Tumor-infiltrating T cells in mice treated with PancVAX and checkpoint modulators. ELISPOT assays showing IFN-γ–producing CD8+ T cells from tumors isolated from mice receiving triple therapy (PancVAX + anti–PD-1 + OX40). ** indicates too many spots to count (A) or isotype control is shown in (B). Isolated CD8+ T cells were incubated with T2-Db or T2-Kb antigen-presenting cells (APCs) that were pulsed with individual PancVAX peptides (as shown). Tumors from 10 mice per group were pooled; technical replicates are shown. (C) Flow cytometry showing the percentage of CD8+ T cells expressing IFN-γ, IFN-γ with PD-1, or PD-1 alone. (D) Flow cytometry showing the percentage of CD4+ T cells expressing FoxP3, IFN-γ, IFN-γ and PD-1, or PD-1 alone. Each bar represents cells isolated from a single tumor for C and D. Statistics by unpaired Student’s t test. (E) Tumor-infiltrating T cells were harvested and stained for the surface expression of the exhaustion markers Lag3 and PD-1 (flow cytometry) (representative traces from single tumor). (F) Flow cytometry showing the percentage of CD8+ T cells coexpressing PD-1 and Lag3 following treatment of mice with PancVAX, ADU-V16, AddaVax, low-dose OX40 (50 μg), and/or anti–PD-1 (100 μg). Relevant isotype antibodies were used as controls. For E and F, cells were gated by size for T cells and then gated for live CD8+ T cells. Statistics by Student’s t test, corrected for Bonferroni. P < 0.05; n = 3 mice per group (except the triple treatment as the other 2 tumors were cleared); individual mice and mean ± SEM are shown.

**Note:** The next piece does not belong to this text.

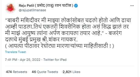 मुख्यमंत्र्यांचं भाषण संपल्यानंतरच सोमवारी सायंकाळी राजू पाटील यांनी ट्विटरवरुन ‘आयत्या पीठावर रेघोट्या मारणाऱ्यांच्या माहितीसाठी’ असं म्हणत एक ट्विट केलंय. बजरंग दलाचे मुंबई प्रमुख शंकर गायकर यांचं एक वक्तव्य शेअर करत बाबरी मशिद पाडण्याच्या वेळी शिवसैनिक उपस्थित नव्हते असा दावा राजू पाटील यांनी केलाय. यामधून त्यांनी शिवसेनेवर अप्रत्यक्षपणे निशाणा साधलाय. “बाबरी मशिदीवर मी माझ्या लोकांसोबत चढलो होतो आणि ढाचा आम्ही पाडला.तिथं एकतरी शिवसैनिक होता असं सिद्ध झालं तर मी माझं आयुष्य त्यांना अर्पण करायला तयार आहे,” असं शंकर गायकर म्हणाले होते, अशी आठवण राजू पाटील यांनी करुन दिलीय.

In separate studies, flow cytometry of disaggregated TILs isolated on day 43 from mice treated with either PancVAX plus agonist OX40 antibody or PancVAX plus anti–PD-1 antibody showed differences in IFN-γ and PD-1 expression on CD8+ T cells. Notably, cells isolated from PancVAX-OX40–treated mice showed robust IFN-γ production with minimal PD-1 expression. In contrast, mice treated with PancVAX plus anti–PD-1 displayed low IFN-γ expression and high surface PD-1 (Figure 5C). Moreover, with OX40 treatment, CD3+CD4+FoxP3+ Tregs were reduced and IFN-γ–expressing CD3+CD4+ T cells were increased in the TME. The latter finding indicates that OX40 activation shifts the inducible Treg compartment toward a T effector phenotype (Figure 5D). Analysis of TILs for exhaustion markers further showed that PancVAX plus anti–PD-1 treatment increased the CD8+PD-1+Lag3+ cell population, while addition of the agonist OX40 antibody resulted in marked decreased expression of exhaustion markers (Figure 5E).

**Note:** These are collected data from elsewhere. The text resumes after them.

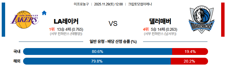 11월29일 LA레이커스:댈러스 NBA 분석 및 예측 스포츠중계:스포츠무료중계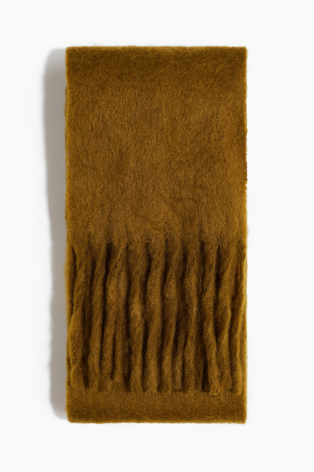 Шарф из мягкой пушистой ткани с длинной бахромой по коротким сторонам. Имеет небольшую аппликацию с тисненой монограммой.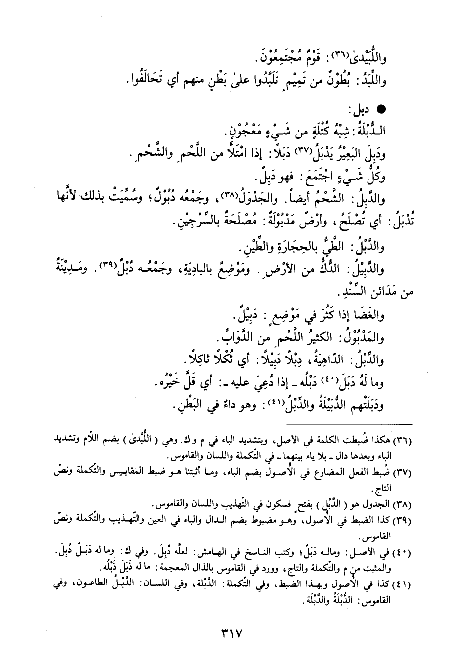 واللُبَيْدى : قَوْمٌ مُجْتَمِعُوْنَ . واللِّبَدُ : بُطُوْنٌ من تَمِيْمٍ تَلَبَّدُوا على بَطْنٍ منهم أي تَحَالَفُوا . ؟ دبل الدُبْلَةُ : شِبْهُ كُتْلَةٍ من شَيْءٍ مَعْجُوْنِ . ودَبِلَ البَعِيْرُ يَدْبَلُ دَبَلاً : إذا افتَلامن اللَّحْمِ والشَّحْمِ . وكُلُّ شَيْءٍ اجْتَمَعَ : فهو دَبِلٌ . والدَّبِلُ : الشَّحْمُ أيضاً . والجَدْوَلُ ، وجَمْعه دُبُوْلٌ ؛ وسُمِّيَتْ بذلك لأنَّها تُدْبَلُ : أي تُصْلَحُ ، وأرْضٌ مَدْبُوْلَةٌ : مُصْلَحَةٌ بالسِّرْجِيْنِ . والدَبْلُ : الطي بالحِجَارَةِ والطيْنِ . والدَبِيْلُ : الدُّكُّ من الأرْضِ . ومَوْضِعٌ بالبادِيَةِ ، وجَمْعُه دُبْلٌ . ومَدِيْنَةٌ من مَدَائن السِّنْدِ . والغَضَا إذا كَثُرَ في مَوْضِعٍ : دَبِيْلٌ . والمَدْبُوْلُ : الكثيرُ اللَّحْمِ من الدَّوَابِّ . والدِّبْلُ : الدّاهِيَةُ ، دِبْلاً دَبِيْلًا : أي ثُكْلاً ثاكِلاً . وما لَهُ دَبَلَ دَبْلُه - إذا دُعِيَ عليه - : أي قَل خَيْرُه . ودَبَلَتْهم الدُّبَيْلَةُ والدِّبْلُ : وهو داءٌ في البَطْنِ .

With low-dose OX40 (50 μg/mouse), we similarly found a significant reduction in tumor-infiltrating CD8+ T cells that coexpressed PD-1 and Lag3 (Figure 5F). Importantly, OX40 alone did not reduce PD-1+Lag3+CD8+ T cells, suggesting that PancVAX is necessary in addition to checkpoint modulation to effectively reduce T cell exhaustion. An additional explanation is that OX40 agonist activity only works on newly activated T cells and cannot reverse an exhaustion phenotype of preexisting T cells (35).
Triple therapy results in a durable antitumor response. To study the durability of the antitumor response induced by PancVAX, the 3 mouse groups that displayed varying extents of tumor clearance, namely triple therapy, PancVAX plus OX40, and PancVAX plus anti–PD-1, were rechallenged with Panc02 tumors on the contralateral hind limb on day 56 after the initial tumor challenge. No further therapy was initiated, and tumor growth was monitored every 3 to 4 days. Consistent with the initial results, 4 of 5 mice from the triple-treated group showed near-complete tumor eradication, whereas PancVAX-OX40 resulted in 2 of 5 mice rejecting tumors (Figure 6A). In contrast, all mice from the PancVAX–anti–PD-1 group succumbed to rechallenge (Figure 6, A and B).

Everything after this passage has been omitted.